If Aliona Savchenko and Robin Szolkowy win gold in Vancouver, they will do it their way: with very little comment and without pandering to the press or judges.
After the 2008 and 2009 world champions had their first practice on Olympic ice, they avoided journalists gathered in the mixed zone and hastily exited through a back door.
Savchenko and Szolkowy are not the only skaters who eschew the media, but their domineering coach, Ingo Steuer, is famous for his lack of cooperation before, during and after events.
"Please understand they do not want to answer questions now," said Elke Treitz, vice president of the German Skating Federation and the press contact for German skaters in Vancouver. "They fully concentrate on the competition. Their goal is to win a medal."
Steuer's ill will with both the press and his government's sports officials stems back prior to 2006, when Germany's Olympic committee determined his distant past as an informant for East Germany's Stasi secret police disqualified him from accompanying his skaters to the Torino Olympics. After legal wrangling, the coach prevailed and was on hand for his team's sixth-place finish.
This time around, Savchenko and Szolkowy plan to give just one press conference, to be held at Vancouver's Deutsches Haus (German House), the headquarters of the German National Olympic Committee, sometime this week.
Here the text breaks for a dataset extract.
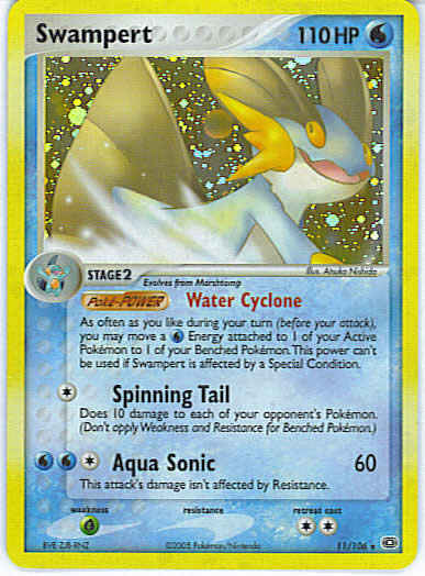 Type | Water | Pokemon serie | Emerald | Stadie | Stage 2 | HP | 110 | Sjældenhed | Rare | Tilbagetrækning | 2 | Svaghed | G | Kortnummer | 11 | Evne |
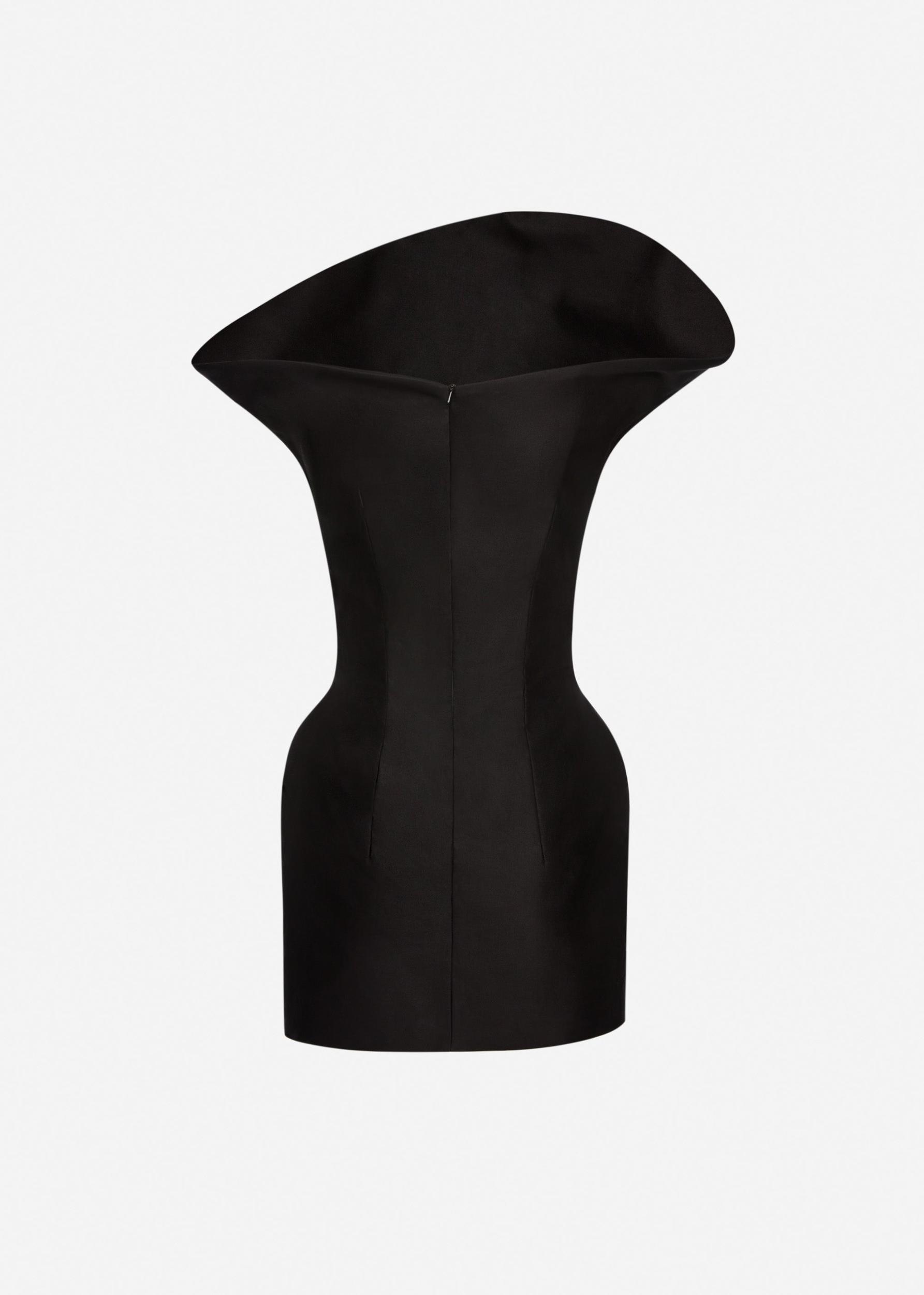 A simple cotton mini dress with an exaggerated hip shape and a sculptural 3D shape at the chest that serves as a redefinition of the rose.

Representatives for the Olympic News Service were able to follow the skaters, and later circulated some information saying they arrived in Vancouver fit.
"We felt well on this Olympic ice during our first practice," Savchenko, 26, said. "The ice quality was good and I like the extremely strong light in the arena.
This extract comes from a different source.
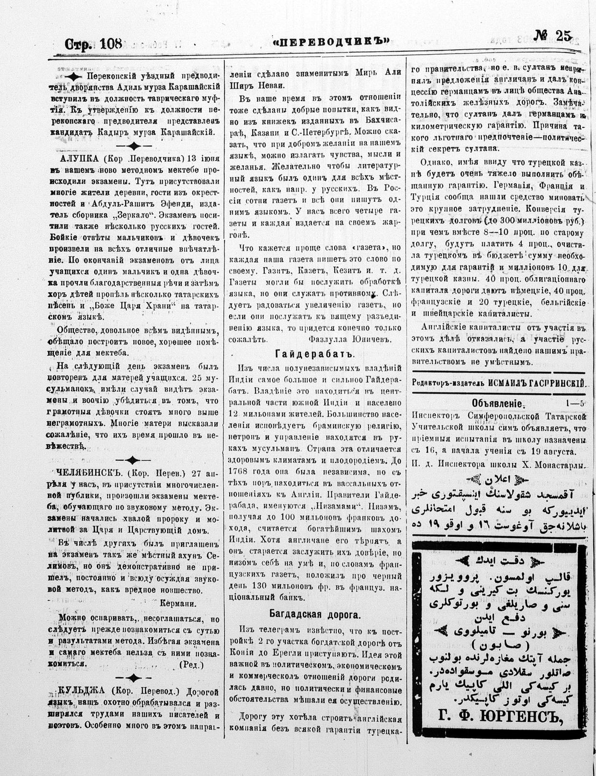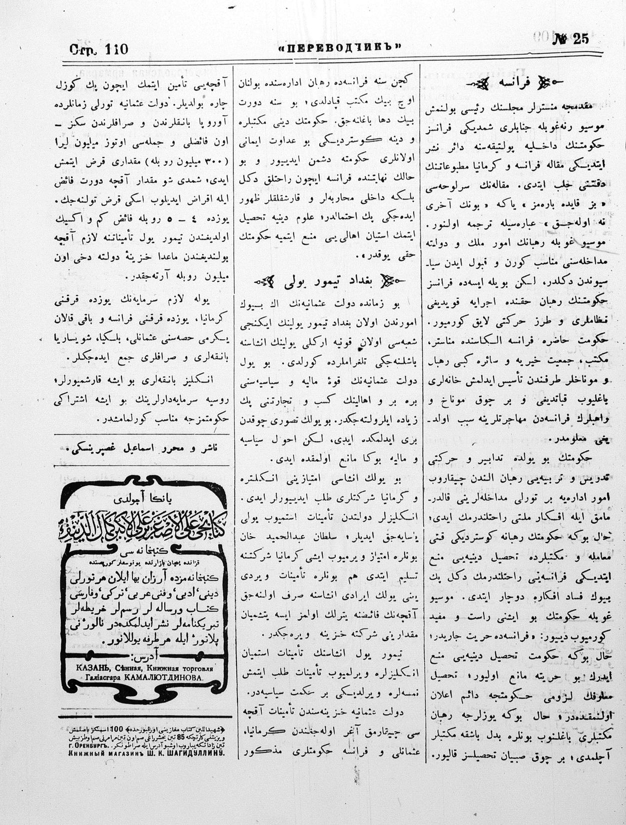 Turkish-Russian newspaper published in Crimea by İsmail Gaspıralı.

"We came yesterday from Germany and despite [a 90-minute] delay of the plane and the time difference of nine hours I slept very well."
She likely needs the rest. It's been a nightmare season.
With the successful return of two-time World champions Xue Shen and Hongbo Zhao of China, the Germans have fallen from heavy favorites for Olympic gold to underdogs. The popular Chinese team, winners of Olympic bronze medals in 2002 and 2006, easily surpasses them in both scores and likeability quotient.